Duchenne, a genetic rare disease, causes progressive muscle degeneration and weakness due to a nonfunctional protein called dystrophin, which helps keep muscle cells intact. This is believed to affect the ability of neurons to connect and share information, which may also be linked to learning and behavioral difficulties.

“For some boys living with Duchenne, not having dystrophin in the brain makes it feel like their brain is being hijacked,” says Natalie Truba, PhD, Psychologist at Nationwide Children’s Hospital. “It’s harder for them to turn their brains off and shift their attention away from the source of over-stimulation. While further research is needed, this may support a potential link between Duchenne and neurodevelopmental disorders, like obsessive compulsive disorder, ADHD, autism and others.”

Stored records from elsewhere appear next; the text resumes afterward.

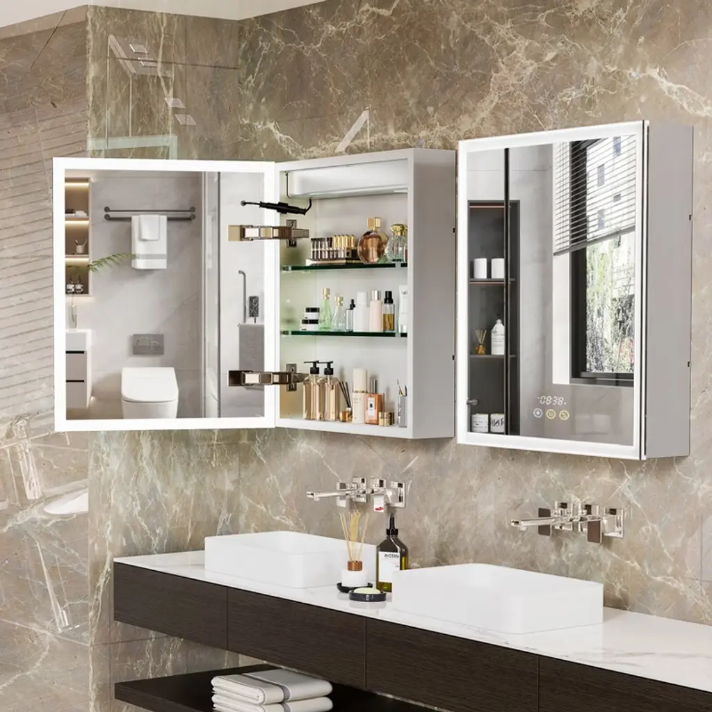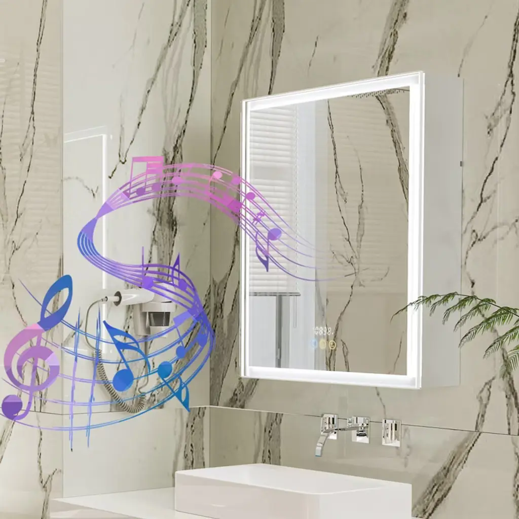 Artloge Aluminum Led Bathroom Mirror Cabinet Bluetooth Speaker Anti-fog Makeup Mirror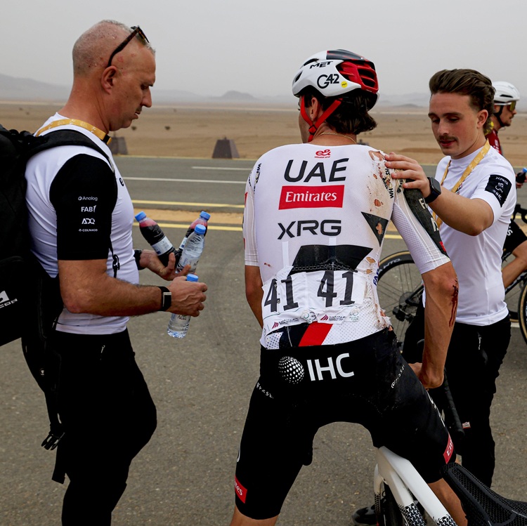 27.01.2026 | (rsn) – So hatte sich Jan Christen (UAE – Team Emirates – XRG) den Auftakt der 6. AlUla Tour (27. – 31. Januar / 2.Pro) sicher nicht vorgestellt. Im Rennverlauf landete der 21-jährige Schweizer bei zwei Stürzen unsanft auf dem Asphalt und musste von seinen Teamkollegen wieder ins Feld zurückgebracht werden.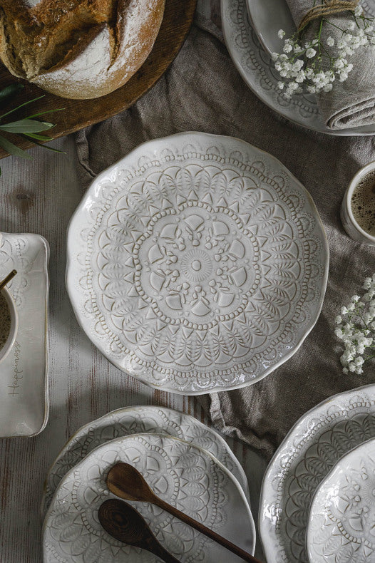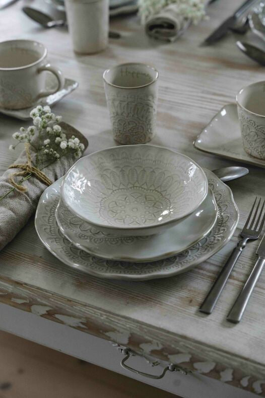 Die handgefertigte Steingutserie mit geprägten Mustern in einer wunderschönen, lebendigen Optik.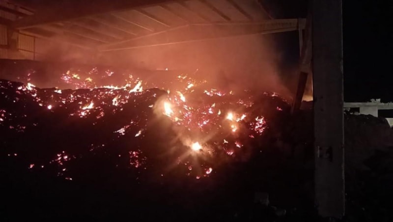 Fabrikanın pamuk atıklarının bulunduğu depoda alevler yükseldi.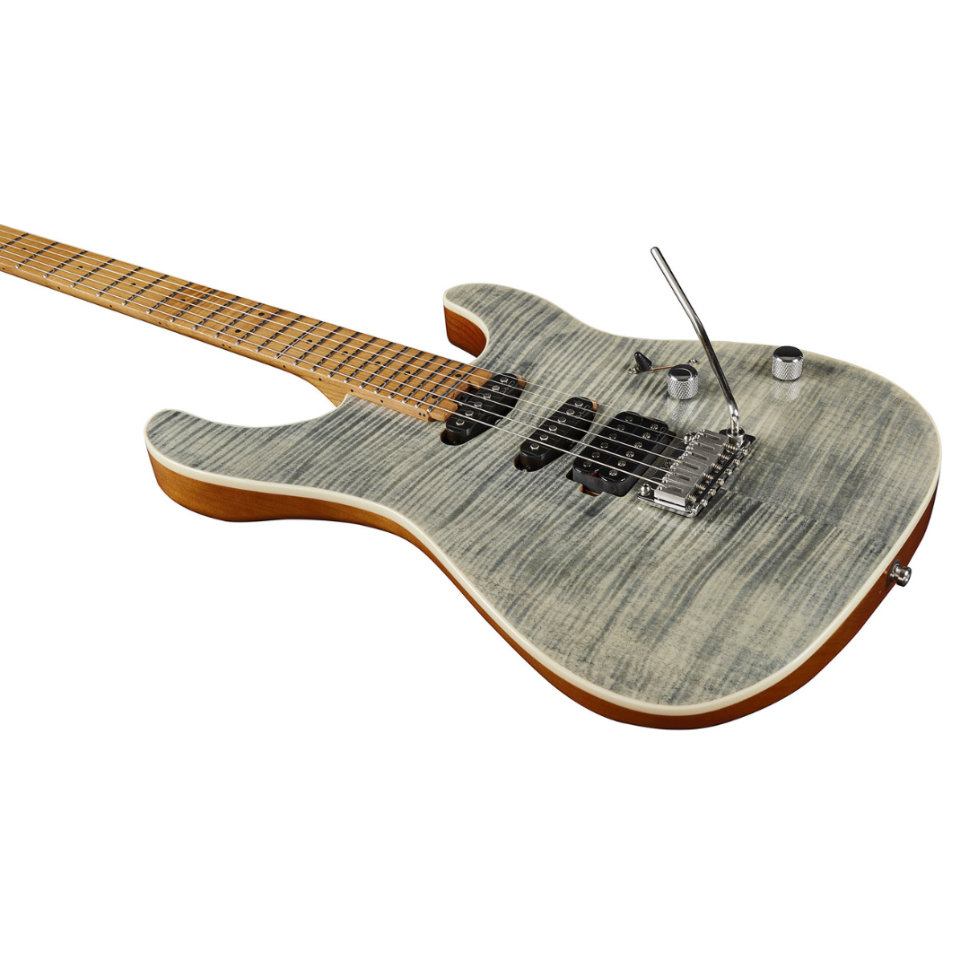 La lutherie des guitares Musa est de très haute qualité dans le but d’inspirer les guitaristes, et leur permettre d’exprimer leur meilleur d’eux-mêmes avec confort et performance. Le corps est composé d’aulne massif surmonté d’une table en érable canadien flammé, du plus bel effet. Le manche en érable torréfié, vissé 5 points, robuste et confortable, est surplombé d’une touche en palissandre de 24 cases apportant confort et chaleur pour vos solos les plus aigus. Le tremolo Eko Steel HRC57 intègre des pontets réglables indépendamment pour ajuster au mieux l’action et l’harmonique de chaque corde. Les mécaniques à blocage en configuration 4+2 assurent la stabilité de l’accordage et de vos notes. Enfin, la finition rouge brillant est présente sur la table, ainsi que sur le devant de la tête, afin de magnifier avec élégance l’érable flammé.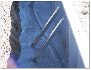 Step 4.Pouring of the concrete bond beam and pool floor. The bond beam surrounds the outside of the pool walls and the braces, and holds everything in place, nice and tight. The pool floor is poured precisely so that the liner will fit like a glove.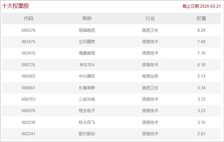 据券商中国记者了解,该基金跟踪的指数为中证科技龙头指数,该指数由沪深两市中电子、计算机、通信、生物科技等科技领域中规模大、市占率高、成长能力强、研发投入高的50只龙头公司股票组成。下图为该指数的前十大权重股。其中,中兴通讯、三安光电等股票均于年初至今录得超过40%的涨幅。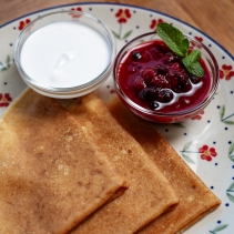 Домашние блины со сметаной и ягодным соусом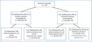 De los 162 pacientes adultos trasplantados en los centros participantes entre abril y diciembre de 2004, 129 cumplieron los criterios de selección y fueron incluidos en el estudio (33 casos fueron excluidos, 2 por falta de seguimiento de Hb y 31 por niveles bajos de ferritina o Tasa o porcentaje de saturacion de la transferrina [TSAT]). No se observaron diferencias significativas entre los pacientes incluidos y excluidos (datos no mostrados). Se administró darbepoetina alfa (por vía subcutánea) a 60 individuos (46,5 %) durante la primera semana postrasplante. De ellos, 19 pacientes solo recibieron el fármaco durante la primera semana, 15 durante un mes, 7 durante 3 meses y 19 durante todo el período de 6 meses del estudio. Treinta y tres pacientes no tratados durante la primera semana recibieron darbepoetina alfa en algún momento entre la semana 2 y los 6 meses (de los cuales 12 la iniciaron entre los meses 1-2 y continuaron tratados hasta el mes 6). La figura 1 muestra la distribución de la población de estudio según la administración de darbepoetina alfa.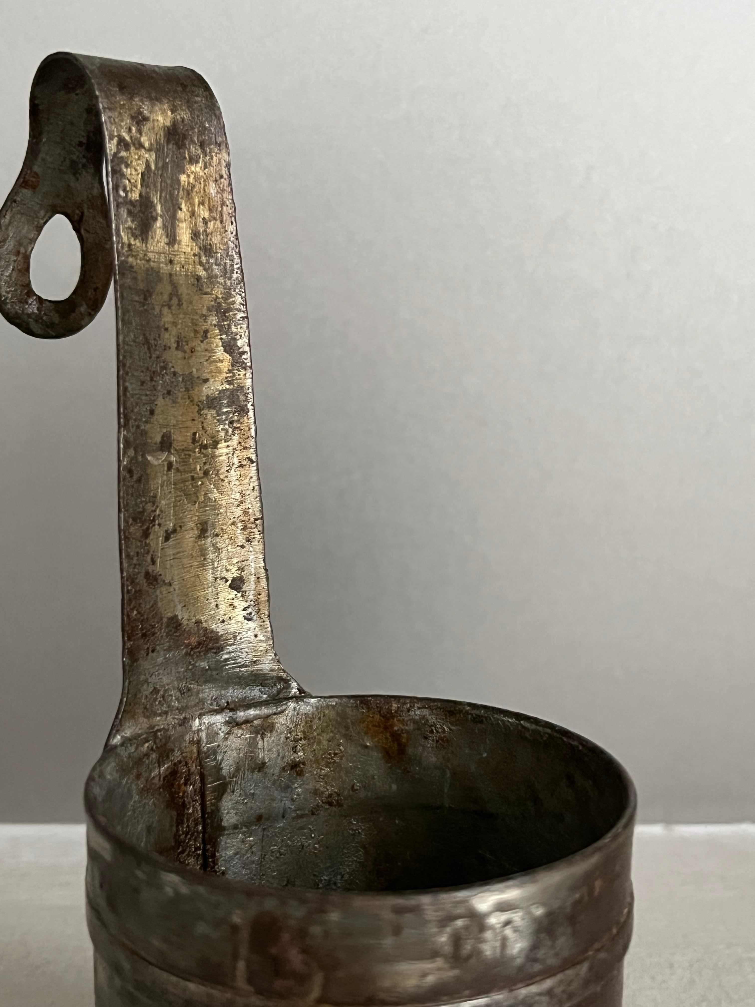 壁にかけやすく、小麦を掬うときの持ち手にもなるフック付きの実用的なデザインです。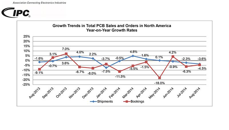2014年8月份,北美PCB行業(yè)總出貨量,同比下降3.6%,把年初至今的出貨量增長率推低到-0.9%。與上月相比,PCB總出貨量環(huán)比上升了4.9個百分點。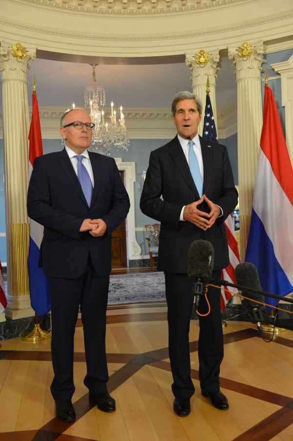 Toenmalig minister van Buitenlandse Zaken Frans Timmermans (links) tijdens een bilaterale bijeenkomst in de VS, september 2013. Timmermans verzocht de Commissie van Advies inzake Volkenrechtelijke Vraagstukken een advies uit  te brengen over de legitimiteit van de inzet van ‘bewapende drones’. Foto US Department of State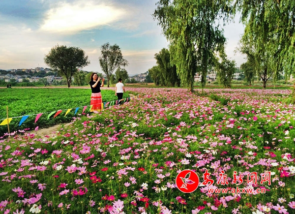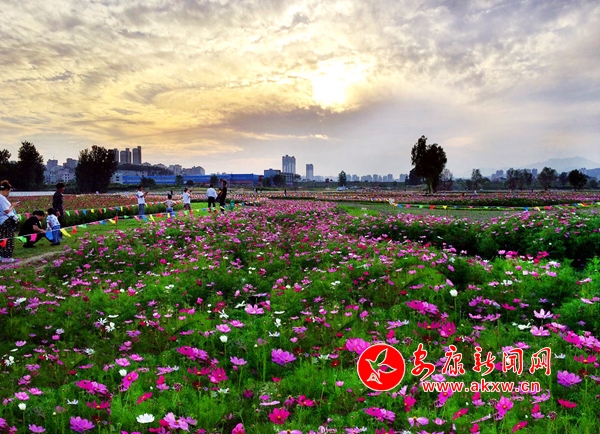 近日,位处安康东郊黄洋河畔城东新区绿地公园数百亩格桑花竞相开放,如茵的草地,荡漾的花海,每天吸引着络绎不绝的市民前来观赏和游玩,很快成为安康新的网红打卡地。 (摄影 赵波)Kjr安康新闻网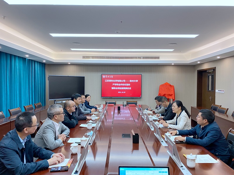 2021年10月29日,江蘇萊科化學(xué)有限公司-常州大學(xué)產(chǎn)學(xué)研合作協(xié)議簽約暨聯(lián)合實(shí)驗(yàn)室揭牌儀式在常州大學(xué)測試實(shí)驗(yàn)樓A座1507會議室舉行。江蘇萊科化學(xué)有限公司董事長朱旭東、高級顧問楊建元、副總經(jīng)理劉建超、總工程師周月根及相關(guān)高層人員,常州大學(xué)石油化工學(xué)院 食品學(xué)院院長鐘璟、副院長、催化協(xié)同中心副主任錢俊峰,聯(lián)合化學(xué)反應(yīng)工程研究所常州大學(xué)分所所長王龍耀、高級工程師吳衛(wèi)忠及學(xué)院成員參加會議。錢俊峰主持成立大會暨揭牌儀式。 會上,鐘璟代表石油化工學(xué)院 食品學(xué)院致歡迎辭,就學(xué)院整體發(fā)展情況,結(jié)合學(xué)科建設(shè)、科研優(yōu)勢、師資隊(duì)伍和學(xué)生就業(yè)等方面做了詳細(xì)介紹。

Research shows that adolescents with Duchenne may also be at an increased risk for depression and anxiety, especially if there is a decline in quality of life. The physical demands of the disease increase over time, resulting in chronic pain and fatigue in adolescence and adulthood.

Given the seen and unseen challenges that many boys living with Duchenne may face, it’s more important than ever that on WDAD and beyond, we continue to raise awareness of the signs and symptoms that could lead to earlier testing and diagnosis. Jake, a teenager living with Duchenne , epitomizes strength in his journey living with this disease. At just 8 years old, he was constantly falling and relied on his hands to lift his body off the floor. After visiting countless doctors, it was the expertise of a genetic specialist that finally led to his diagnosis. At Pfizer, we are committed to advocating for advanced research and efforts that could help young boys, like Jake, identify a diagnosis as early as possible.

It’s the stories of boys around the world living with Duchenne that inspire us to collaborate with advocacy organizations, HCPs, patients and their families to support the needs of the community and advance potentially transformative therapies for Duchenne. This WDAD, join us in raising awareness for Jake and others seeking strength and support. Together we are stronger and can encourage boys worldwide living with Duchenne to follow Jake’s motto, “live your life, not the diagnosis.”